Prompt
Print only the lines below from the one with "郑渊洁发文质疑抄袭一事 微博截图" to the one with "未着用の5001-01(左)と、1年間着用した5001-01(右)", both included, exactly as they stand. Leave pictures out.

Data extract
******

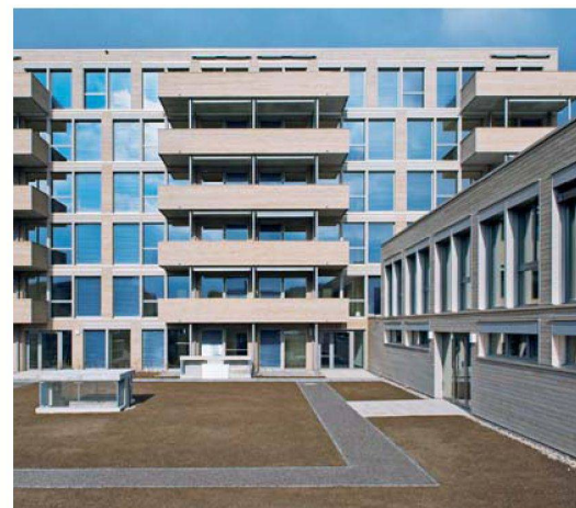
Vorzeigeprojekt Eulachhof in Winterthur: Bei der ersten Nullenergie-Wohnsiedlung der Schweiz war Allreal als TU für Projektentwicklung und Ausführung verantwortlich.

Rahmenbedingungen wie Kostenziele, Wohnungsgrößen, Wohnungsmix, Standards oder Qualitätsansprüche klar formu-
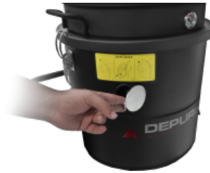
JC Jet Clean Pulizia semiautomatica a contro corrente d'aria, classe M filtro (EN 60335-2-69), 1 filtro cartuccia poliestere, 4 m 2 superficie filtrante, ghigliottina non inclusa
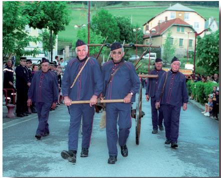
Les vétérans du corps de Seyne défilent armés et en tenue avec la pompe à bras à l'occasion du congrès départemental du 26 mai 2001
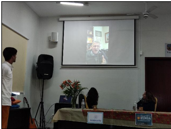
Vídeo enviado com fala da promotoria.
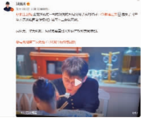
郑渊洁发文质疑抄袭一事 微博截图
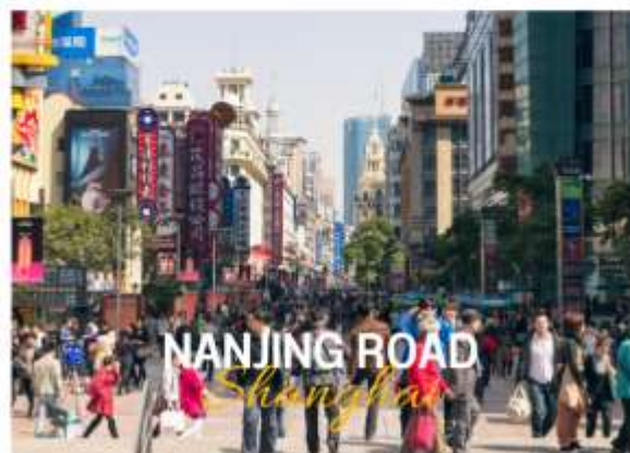
NANJING ROAD Shanghai

ถนนหนานจิง หรือที่รู้จักกันอีกชื่อว่า นานกิง ย่านช้อปปิ้งที่เก่าแก่และมีชื่อเสียงที่สุดในเซี่ยงไฮ้เลยในตอนเย็นจะเป็นช่วงที่ร้านค้าและบาร์ต่างๆกำลังคึกคักมีนักดนตรีริมถนนเต็มไปด้วยแสงสีเสียงเหมาะกับการเดินเล่นหรือนั่งรถรางชมบรรยากาศรอบๆฝั่งตะวันตกจะมีห้างสรรพสินค้าใหญ่ๆสลับกับร้านแบบจีนดั้งเดิมอยู่ตลอดสองข้างทาง
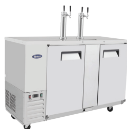
Enfriadores de Barril (MKC58)
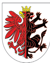
Marszałek Województwa Kujawsko-Pomorskiego
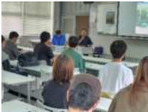
令和7年5月30日（金） 鹿児島国際大学 社会福祉学部3，4年生（44人）
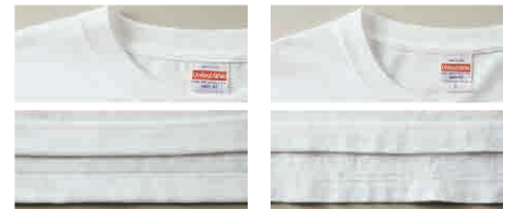
未着用の5001-01(左)と、1年間着用した5001-01(右)

5.0~7.0オンスが一般的に「ヘヴィーウェイト」とよばれる生地厚で、「5.6オンス」は一枚で着用できるちょうど良い生地感と強度を兼ね備えています。丈夫で長く着用できるので、洗濯を繰り返してもへたれません！
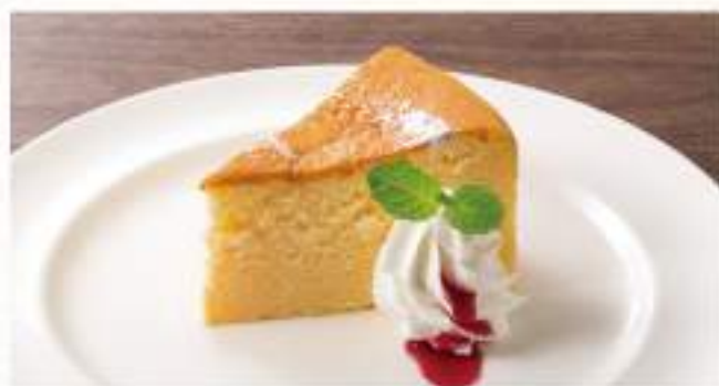
◇ チーズスフレ ¥400 チーズケーキの定番
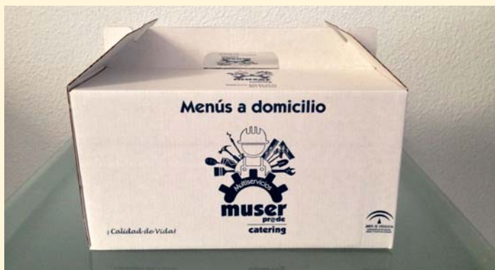
Envase en el que se transportan los menús

De este modo, será atendida la población de las zonas de Trabajo Social de Hinojosa del Duque, Peñarroya-Pueblonuevo, Pozoblanco y Villaviciosa de Córdoba, estimándose que PRODE desarrolle su actuación a favor de unos 5.000 beneficiarios.
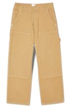
SHPJE00490 REGULAR CARPENTER SURTEINT 195€ / 131€ €219 / £147
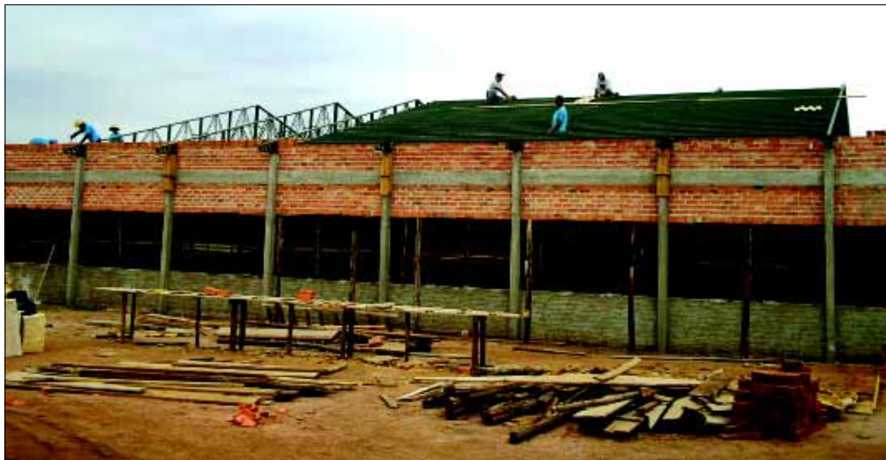
Escola contará com toda estrutura necessária

Continuam os trabalhos para a construção de nova escola municipal no Bairro Santa Mônica. A obra, executada pela Prefeitura da Estância Turística de

******

Answer space
郑渊洁发文质疑抄袭一事 微博截图
NANJING ROAD Shanghai

ถนนหนานจิง หรือที่รู้จักกันอีกชื่อว่า นานกิง ย่านช้อปปิ้งที่เก่าแก่และมีชื่อเสียงที่สุดในเซี่ยงไฮ้เลยในตอนเย็นจะเป็นช่วงที่ร้านค้าและบาร์ต่างๆกำลังคึกคักมีนักดนตรีริมถนนเต็มไปด้วยแสงสีเสียงเหมาะกับการเดินเล่นหรือนั่งรถรางชมบรรยากาศรอบๆฝั่งตะวันตกจะมีห้างสรรพสินค้าใหญ่ๆสลับกับร้านแบบจีนดั้งเดิมอยู่ตลอดสองข้างทาง
Enfriadores de Barril (MKC58)
Marszałek Województwa Kujawsko-Pomorskiego
令和7年5月30日（金） 鹿児島国際大学 社会福祉学部3，4年生（44人）
未着用の5001-01(左)と、1年間着用した5001-01(右)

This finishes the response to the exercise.